L’articolo 9 della Convenzione del 2007 prevede che “l’indennizzo dovuto dal concedente al concessionario è pari a un importo corrispondete al valore attuale netto dei ricavi della gestione (…) sino alla scadenza della concessione”. Conti alla mano, basandosi su questo testo, lo Stato deve riconoscere ai Benetton 21 miliardi di incassi futuri previsti da cui deve però detrarre i debiti finanziari contratti dai Benetton con le banche e i risparmiatori che ammontano a circa 10 miliardi di euro e che lo Stato si accollerebbe. A quel punto resterebbero circa 11 miliardi di euro da consegnare ai Benetton. In base alla convenzione lo Stato potrebbe però applicare una penale a suo favore del 10 per cento sugli 11 miliardi. Il risultato finale è quindi questo: lo Stato dovrà sborsare 10 miliardi direttamente ai Benetton e altri 10 per effetto dell’accollo dei loro debiti.

La procedura prevista dall’articolo 9 della convenzione per la revoca della concessione è abbastanza macchinosa e diversa da quella seguita finora dal governo Conte che al momento appare soprattutto come una mossa di natura politica. Il primo passaggio è la notifica da parte dello Stato concedente al concessionario dell’intenzione di revoca sulla base di argomentazioni specifiche e motivate. Il concessionario ha 90 giorni di tempo per presentare le sue controdeduzioni. Se tra le parti permangono motivi gravi di dissenso e non vengono superati nei 60 giorni seguenti, i ministri dell’Economia e dei Trasporti preparano di concerto un decreto di revoca che viene registrato dalla Corte dei Conti.

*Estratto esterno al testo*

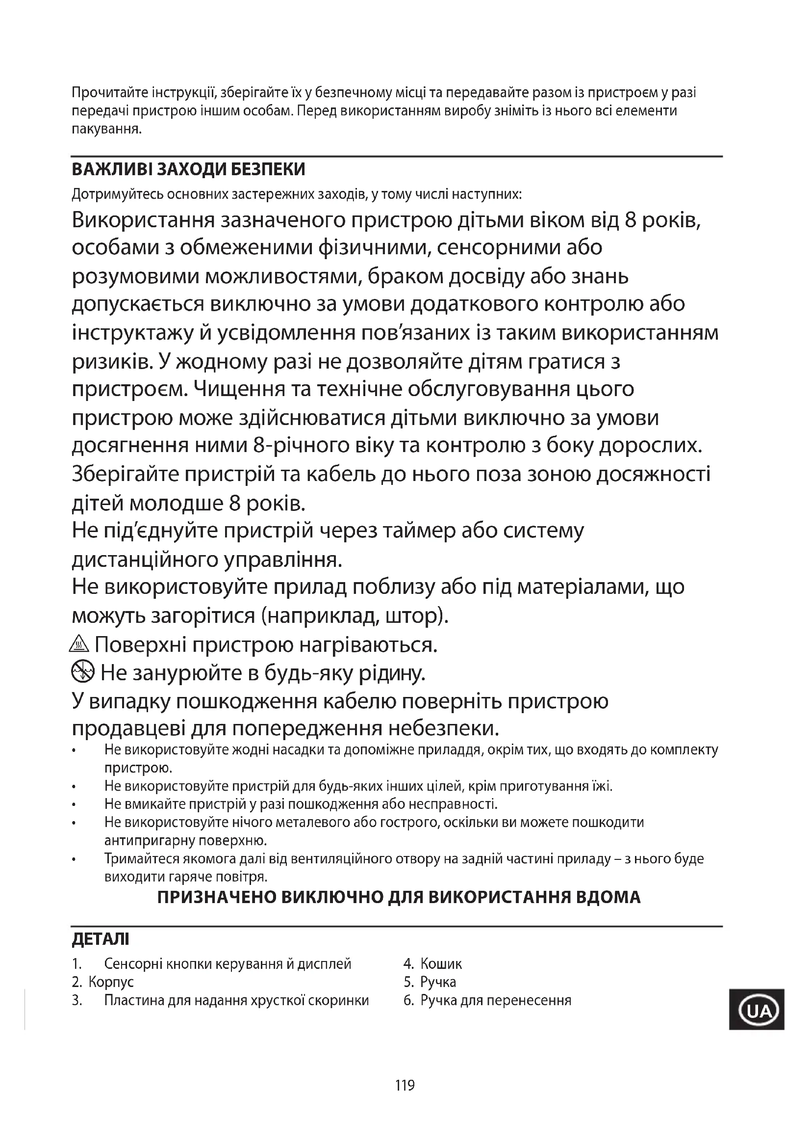 ВАЖЛИВІ ЗАХОДИ БЕЗПЕКИ Дотримуйтесь основних застережних заходів, у тому числі наступних: Використання зазначеного пристрою дітьми віком від 8 років, особами з обмеженими фізичними, сенсорними або розумовими можливостями, браком досвіду або знань допускається виключно за умови додаткового контролю або інструктажу й усвідомлення пов’язаних із таким використанням ризиків. У жодному разі не дозволяйте дітям гратися з пристроєм. Чищення та технічне обслуговування цього пристрою може здійснюватися дітьми виключно за умови досягнення ними 8-річного віку та контролю з боку дорослих. Зберігайте пристрій та кабель до нього поза зоною досяжності дітей молодше 8 років. Не під’єднуйте пристрій через таймер або систему дистанційного управління. Не використовуйте прилад поблизу або під матеріалами, що можуть загорітися (наприклад, штор). h Поверхні пристрою нагріваються. i Не занурюйте в будь-яку рідину. У випадку пошкодження кабелю поверніть пристрою продавцеві для попередження небезпеки.
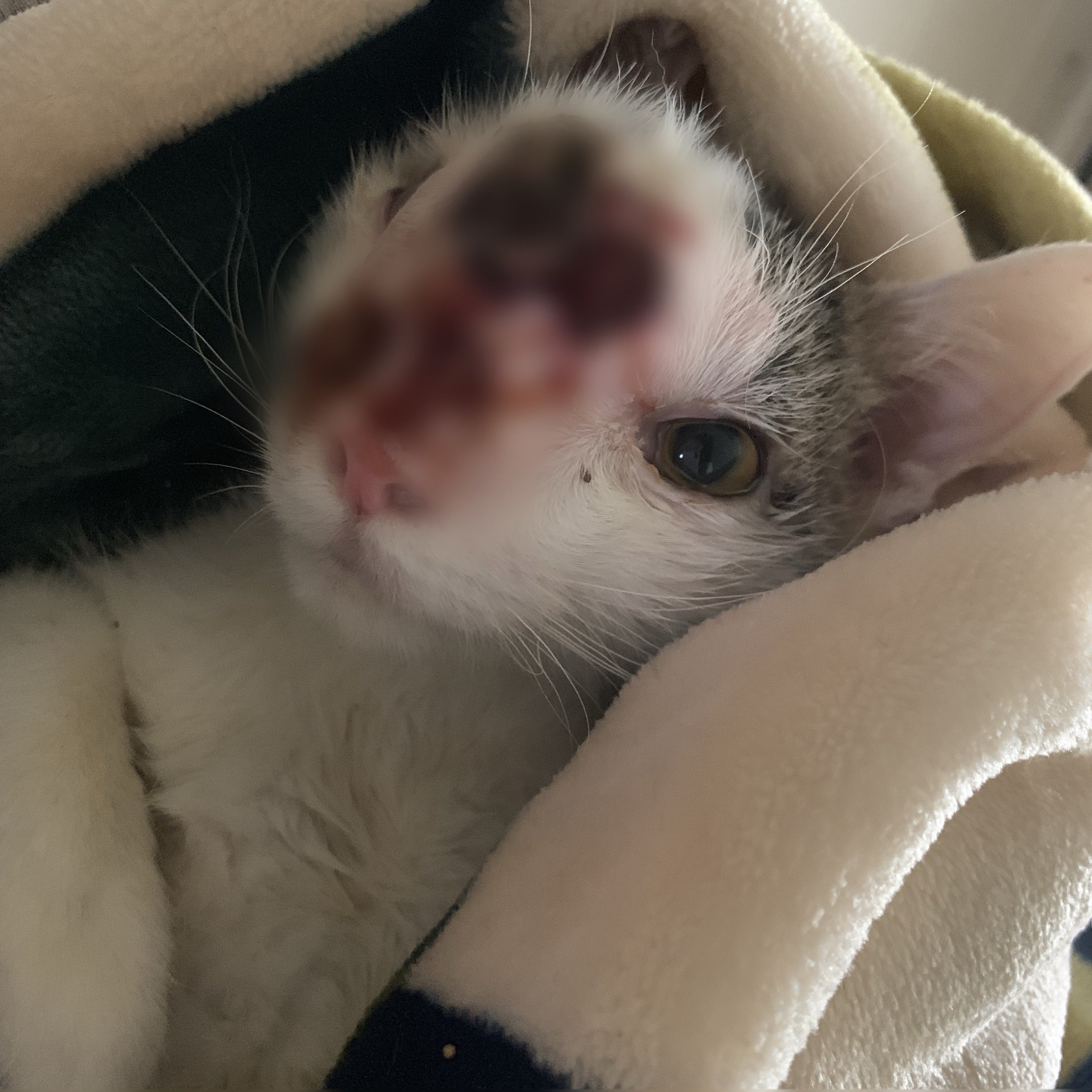 左上の黒い部分はおおきなかさぶたなんですが
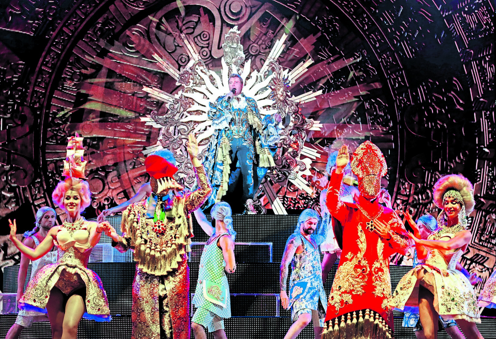 На протяжении всего шоу Басков менял костюмы и маски. Был то королем-солнцем Людовиком XIV на троне, то римским императором Цезарем на колеснице, то парил, как Мистер Икс, над сценой на цирковых качелях без страховки. Менялись и декорации - в Витебск их везли на пяти фурах!
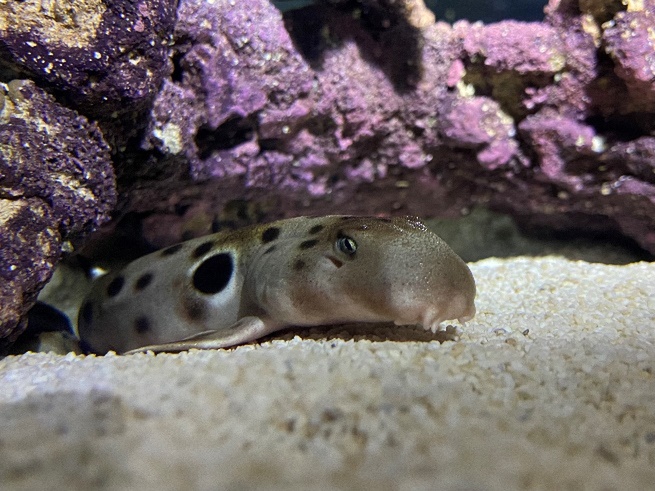 ここでは、胸鰭(むなびれ)を使って海底を歩くように移動するマモンツキテンジクザメ(エポーレットシャーク)や、幼魚期のしましま模様が特徴的なイヌザメをご覧いただけます。
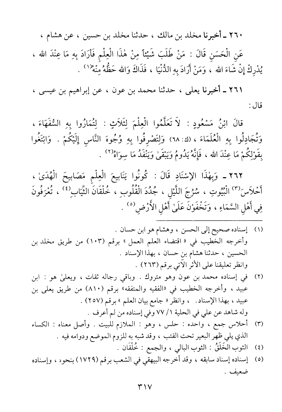 260 - أَخْبَرَنَا مَخْلَدُ بْنُ مَالِكٍ، حَدَّثَنَا مَخْلَدُ بْنُ حُسَيْنٍ، عَنْ هِشَامٍ، عَنِ الْحَسَنِ، قَالَ: «§مَنْ طَلَبَ شَيْئًا مِنْ هَذَا الْعِلْمِ فَأَرَادَ بِهِ مَا عِنْدَ اللَّهِ، يُدْرِكْ إِنْ شَاءَ اللَّهُ، وَمَنْ أَرَادَ بِهِ الدُّنْيَا، فَذَاكَ وَاللَّهِ حَظُّهُ مِنْهُ» Qإسناده صحيح إلى الحسن

La convenzione prevede anche altre misure sanzionatorie che non hanno niente a che vedere con la decadenza. Si tratta dei 150 milioni di euro di penale di cui ha parlato il vice presidente del Consiglio, Luigi Di Maio. La convenzione stabilisce infatti che il concedente Stato possa in casi gravi e motivati applicare una sanzione non superiore al 10 per cento del fatturato della società del concessionario e non superiore in cifra assoluta ai 150 milioni. In teoria lo Stato avrebbe tutti gli strumenti e il potere per verificare l’operato sia dei Benetton sia degli altri concessionari. In passato questa funzione di vigilanza e controllo era in capo all’Anas, ma da una decina d’anni il compito è stato assegnato al ministero dei Trasporti dove è stata istituita una direzione apposita per la Vigilanza autostradale. Per un quindicennio la guida di quel delicatissimo incarico è rimasta in mano allo stesso alto funzionario, Mauro Coletta, dal 2001 al 2006 in qualità di dirigente Anas e successivamente e fino a un anno fa come dirigente del ministero.

A Coletta è subentrato nell’agosto del 2017 Vincenzo Cinelli che fino ad ora non risulta abbia preso provvedimenti di un qualche rilievo nei confronti dei concessionari. L’articolo 3 della convenzione precisa in dettaglio quali sono gli obblighi del concessionario Benetton. Tra questi il principale consiste nella preparazione e nell’invio al ministero dei programmi di manutenzione previsti sulla rete. Il ministero avrebbe il compito di valutarli indicando le eventuali integrazioni e modifiche. E’ stato fatto? I dirigenti di Autostrade per l’Italia sostengono di aver concordato con il ministero i programmi di intervento lasciando intendere che tutto ciò che è stato fatto o non fatto sia sul ponte Morandi di Genova sia altrove ha avuto il via libera ministeriale. E quindi dal loro punto di vista appare inconcepibile che lo stesso ministero e il governo ora intendano revocare la concessione. In generale, secondo quando risulta al ilfattoquotidiano.it negli uffici ministeriali della Vigilanza autostradale giacciono numerosi progetti e programmi di intervento presentati dai concessionari e mai approvati.